Liz Leahy, senior vice president of advocacy and engagement at the Massachusetts Association of Health Plans, said administrative spending is not driving health care costs. She instead pointed to the cost of care, including across hospital outpatient settings and pharmaceutical spending.
"Chemo oncology drugs are one of the fastest growing drivers of cost, now totaling more than $3 billion annually," Leahy said. "And these costs reflect both the price of the drug, which is set by the drug manufacturers, and the price of the site of care set by the providers. And neither of those price components are meaningfully constrained today."
Leahy said hospitals, providers and pharmaceutical manufacturers must work together and be held accountable. Insurance Commissioner Michael Caljouw pointed out that insurers are "uniquely in the middle" of negotiating prices with those other major players.
"We've seen rapid consolidation of health care systems," Leahy replied. "I won't argue whether it's good or bad, but I will let you know that that has significantly reduced the negotiating leverage of health plans across the country and here in Massachusetts."
Retailers Association of Massachusetts President Jon Hurst said Wednesday marks the biggest insurance renewal date of the year for small businesses. A recent member survey found the average premium increase was 13.6%, he said.
Hurst said "something is wrong" with the state's benchmark and the individual health insurance mandate, which top elected state officials plan to celebrate this month on its 20th anniversary.
"As we have stated for many years, small employers need fairness and help on controlling health care and insurance costs," Hurt said in written testimony, as he pointed to an exodus of small group employers leaving the fully insured marketplace and turning to self-insured or partially-self funded plans.

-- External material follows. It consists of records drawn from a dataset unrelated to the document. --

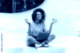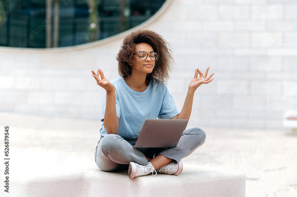 Calm relaxed curly african american young woman with glasses, office worker, sits in a lotus position outdoors near the business center, meditates, relaxes, closed her eyes. Break during online work
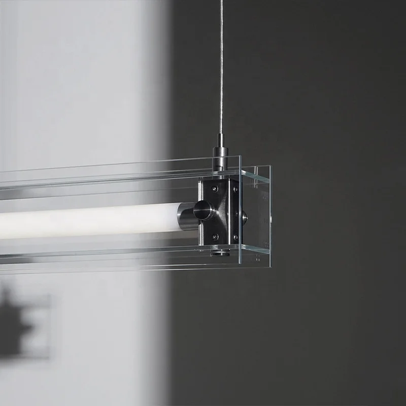 Minimalist Restaurant Art Pendant Lamp Modern Clear Glass Long Chandelier for Dining Room
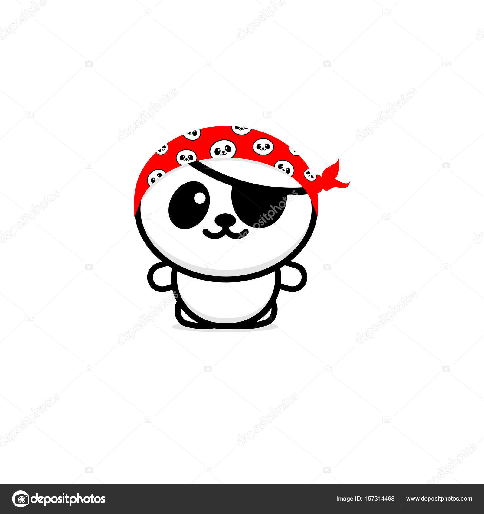 Cute Panda Pirate With A Kerchief On Her Head Vector Illustration Baby Bear Logo New Design Line Art Chinese Teddy Bear Black Color Sign Simple Image Picture With Animal Stock Vector C
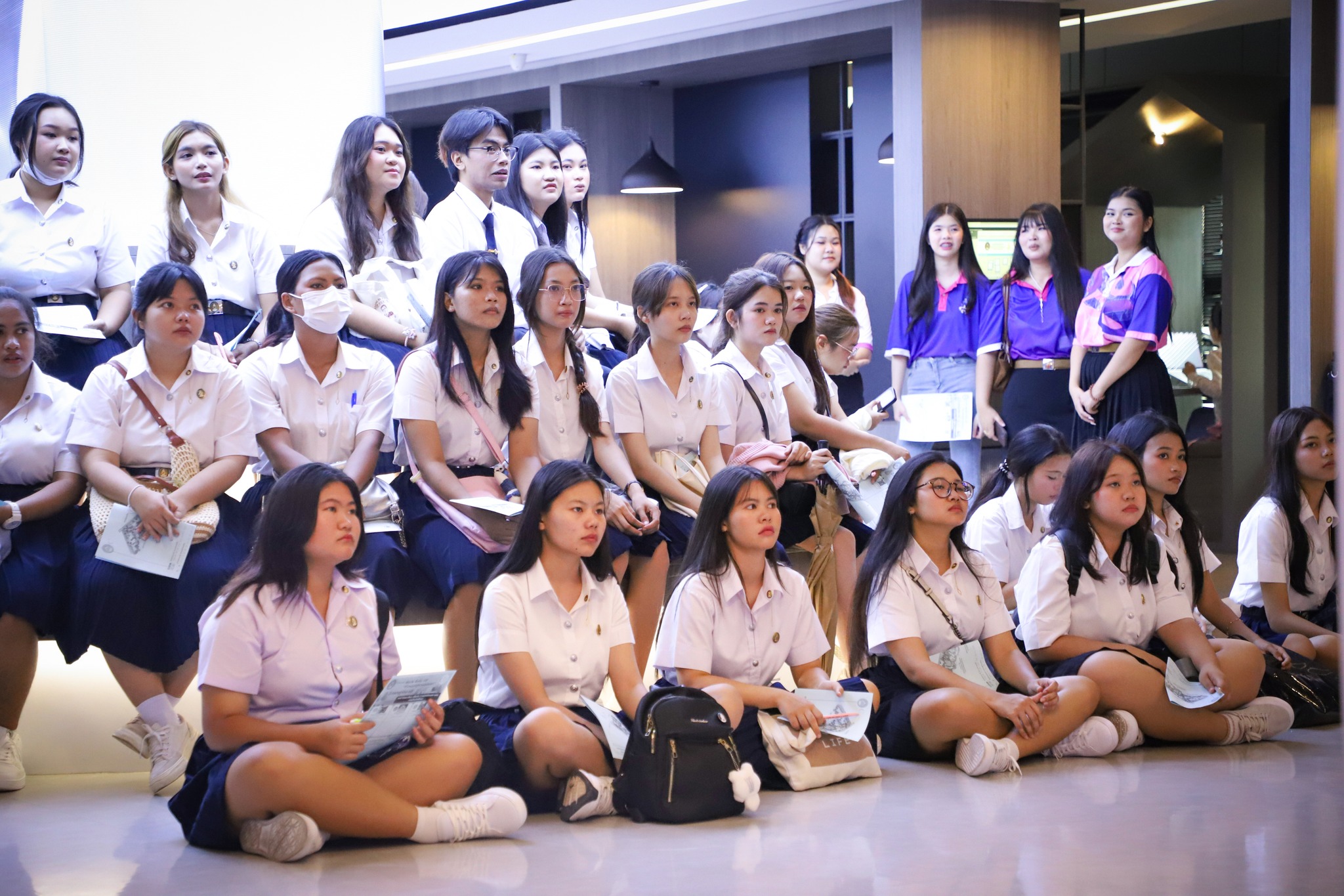 the Academic Resource Center of the Office of Academic Resources and Information Technology, led by Dr. Phimploi Tirastittam, Director, Lecturer Benya Whangmahaporn, Deputy Director of the Academic Resource Center, and staff, welcomed first-year students from the College of Hospitality Industry Management, Suan Sunandha Rajabhat University. The visit included a tour of the Academic Resource Center, specifically the Suan Sunandha Archives, the audiovisual media service, and various services provided by the Academic Resource Center.

The trend, he said, is "an attempt to "mitigate the cost of nearly 60 state mandates."
"Estimates put state mandates and assessments at 17-24% of a fully insured small business’ premium," Hurst added. "For a $47,000 family policy—unfortunately a very real number this year-- that’s $8,000-$11,000 in state mandates."
The HPC board is slated to vote on setting the benchmark on April 16. A decision to change the target could trigger another hearing before the Joint Committee on Health Care Financing.
Alison Kuznitz is a reporter for State House News Service and State Affairs Pro Massachusetts.